[Task] From the first line to the last, copy the data exactly.
[Excerpted data Boundary: Start]
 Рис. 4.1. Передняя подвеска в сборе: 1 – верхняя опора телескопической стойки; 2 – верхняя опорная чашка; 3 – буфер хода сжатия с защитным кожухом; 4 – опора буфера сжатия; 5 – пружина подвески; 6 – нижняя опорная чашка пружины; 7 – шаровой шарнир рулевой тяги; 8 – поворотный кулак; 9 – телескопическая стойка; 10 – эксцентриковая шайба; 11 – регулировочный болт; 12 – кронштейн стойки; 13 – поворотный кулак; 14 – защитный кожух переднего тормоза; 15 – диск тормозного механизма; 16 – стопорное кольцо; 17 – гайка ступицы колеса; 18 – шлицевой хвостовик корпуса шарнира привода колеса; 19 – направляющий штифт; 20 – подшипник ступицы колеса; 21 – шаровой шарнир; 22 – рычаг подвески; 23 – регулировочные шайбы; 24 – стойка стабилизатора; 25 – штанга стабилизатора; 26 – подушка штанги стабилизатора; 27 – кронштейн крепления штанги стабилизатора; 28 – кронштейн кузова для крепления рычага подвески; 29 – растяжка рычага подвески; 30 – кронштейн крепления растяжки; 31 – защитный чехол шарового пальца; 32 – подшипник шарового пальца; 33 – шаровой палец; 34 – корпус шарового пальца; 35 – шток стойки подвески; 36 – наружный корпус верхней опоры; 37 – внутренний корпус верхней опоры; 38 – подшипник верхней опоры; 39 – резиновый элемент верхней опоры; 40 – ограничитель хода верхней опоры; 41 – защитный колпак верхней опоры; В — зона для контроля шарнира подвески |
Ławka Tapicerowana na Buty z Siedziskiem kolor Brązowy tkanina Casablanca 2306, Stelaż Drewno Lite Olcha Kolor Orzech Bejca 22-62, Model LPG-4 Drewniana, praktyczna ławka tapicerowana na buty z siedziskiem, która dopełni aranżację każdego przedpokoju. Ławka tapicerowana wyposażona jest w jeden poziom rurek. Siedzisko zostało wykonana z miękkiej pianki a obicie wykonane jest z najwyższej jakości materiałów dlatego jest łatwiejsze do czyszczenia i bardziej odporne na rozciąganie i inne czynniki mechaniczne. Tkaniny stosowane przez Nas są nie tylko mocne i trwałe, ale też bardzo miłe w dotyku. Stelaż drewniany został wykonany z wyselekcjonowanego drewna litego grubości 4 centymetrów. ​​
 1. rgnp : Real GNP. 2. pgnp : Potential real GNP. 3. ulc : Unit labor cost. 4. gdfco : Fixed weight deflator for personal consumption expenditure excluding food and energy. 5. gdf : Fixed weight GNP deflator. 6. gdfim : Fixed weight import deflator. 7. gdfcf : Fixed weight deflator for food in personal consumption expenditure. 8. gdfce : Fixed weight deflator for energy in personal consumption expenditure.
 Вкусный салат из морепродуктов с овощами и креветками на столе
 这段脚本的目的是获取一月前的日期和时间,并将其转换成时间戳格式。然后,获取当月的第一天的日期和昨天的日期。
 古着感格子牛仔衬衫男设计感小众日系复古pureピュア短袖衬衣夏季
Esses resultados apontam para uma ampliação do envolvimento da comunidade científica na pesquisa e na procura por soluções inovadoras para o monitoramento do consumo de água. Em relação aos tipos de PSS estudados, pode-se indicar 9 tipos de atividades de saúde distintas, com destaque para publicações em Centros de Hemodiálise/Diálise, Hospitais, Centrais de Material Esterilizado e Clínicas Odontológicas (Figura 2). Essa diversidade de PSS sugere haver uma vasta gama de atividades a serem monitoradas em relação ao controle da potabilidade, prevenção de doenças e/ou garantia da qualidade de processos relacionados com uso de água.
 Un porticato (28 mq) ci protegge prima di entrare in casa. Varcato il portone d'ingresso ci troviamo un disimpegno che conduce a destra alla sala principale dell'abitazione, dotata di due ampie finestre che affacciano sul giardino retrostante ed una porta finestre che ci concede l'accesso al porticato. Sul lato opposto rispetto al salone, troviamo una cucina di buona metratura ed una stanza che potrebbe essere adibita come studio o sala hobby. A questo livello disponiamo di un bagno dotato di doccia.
[Excerpted data Boundary: End]
[Response to this exercise]
 Рис. 4.1. Передняя подвеска в сборе: 1 – верхняя опора телескопической стойки; 2 – верхняя опорная чашка; 3 – буфер хода сжатия с защитным кожухом; 4 – опора буфера сжатия; 5 – пружина подвески; 6 – нижняя опорная чашка пружины; 7 – шаровой шарнир рулевой тяги; 8 – поворотный кулак; 9 – телескопическая стойка; 10 – эксцентриковая шайба; 11 – регулировочный болт; 12 – кронштейн стойки; 13 – поворотный кулак; 14 – защитный кожух переднего тормоза; 15 – диск тормозного механизма; 16 – стопорное кольцо; 17 – гайка ступицы колеса; 18 – шлицевой хвостовик корпуса шарнира привода колеса; 19 – направляющий штифт; 20 – подшипник ступицы колеса; 21 – шаровой шарнир; 22 – рычаг подвески; 23 – регулировочные шайбы; 24 – стойка стабилизатора; 25 – штанга стабилизатора; 26 – подушка штанги стабилизатора; 27 – кронштейн крепления штанги стабилизатора; 28 – кронштейн кузова для крепления рычага подвески; 29 – растяжка рычага подвески; 30 – кронштейн крепления растяжки; 31 – защитный чехол шарового пальца; 32 – подшипник шарового пальца; 33 – шаровой палец; 34 – корпус шарового пальца; 35 – шток стойки подвески; 36 – наружный корпус верхней опоры; 37 – внутренний корпус верхней опоры; 38 – подшипник верхней опоры; 39 – резиновый элемент верхней опоры; 40 – ограничитель хода верхней опоры; 41 – защитный колпак верхней опоры; В — зона для контроля шарнира подвески |
Ławka Tapicerowana na Buty z Siedziskiem kolor Brązowy tkanina Casablanca 2306, Stelaż Drewno Lite Olcha Kolor Orzech Bejca 22-62, Model LPG-4 Drewniana, praktyczna ławka tapicerowana na buty z siedziskiem, która dopełni aranżację każdego przedpokoju. Ławka tapicerowana wyposażona jest w jeden poziom rurek. Siedzisko zostało wykonana z miękkiej pianki a obicie wykonane jest z najwyższej jakości materiałów dlatego jest łatwiejsze do czyszczenia i bardziej odporne na rozciąganie i inne czynniki mechaniczne. Tkaniny stosowane przez Nas są nie tylko mocne i trwałe, ale też bardzo miłe w dotyku. Stelaż drewniany został wykonany z wyselekcjonowanego drewna litego grubości 4 centymetrów. ​​
 1. rgnp : Real GNP. 2. pgnp : Potential real GNP. 3. ulc : Unit labor cost. 4. gdfco : Fixed weight deflator for personal consumption expenditure excluding food and energy. 5. gdf : Fixed weight GNP deflator. 6. gdfim : Fixed weight import deflator. 7. gdfcf : Fixed weight deflator for food in personal consumption expenditure. 8. gdfce : Fixed weight deflator for energy in personal consumption expenditure.
 Вкусный салат из морепродуктов с овощами и креветками на столе
 这段脚本的目的是获取一月前的日期和时间,并将其转换成时间戳格式。然后,获取当月的第一天的日期和昨天的日期。
 古着感格子牛仔衬衫男设计感小众日系复古pureピュア短袖衬衣夏季
Esses resultados apontam para uma ampliação do envolvimento da comunidade científica na pesquisa e na procura por soluções inovadoras para o monitoramento do consumo de água. Em relação aos tipos de PSS estudados, pode-se indicar 9 tipos de atividades de saúde distintas, com destaque para publicações em Centros de Hemodiálise/Diálise, Hospitais, Centrais de Material Esterilizado e Clínicas Odontológicas (Figura 2). Essa diversidade de PSS sugere haver uma vasta gama de atividades a serem monitoradas em relação ao controle da potabilidade, prevenção de doenças e/ou garantia da qualidade de processos relacionados com uso de água.
 Un porticato (28 mq) ci protegge prima di entrare in casa. Varcato il portone d'ingresso ci troviamo un disimpegno che conduce a destra alla sala principale dell'abitazione, dotata di due ampie finestre che affacciano sul giardino retrostante ed una porta finestre che ci concede l'accesso al porticato. Sul lato opposto rispetto al salone, troviamo una cucina di buona metratura ed una stanza che potrebbe essere adibita come studio o sala hobby. A questo livello disponiamo di un bagno dotato di doccia.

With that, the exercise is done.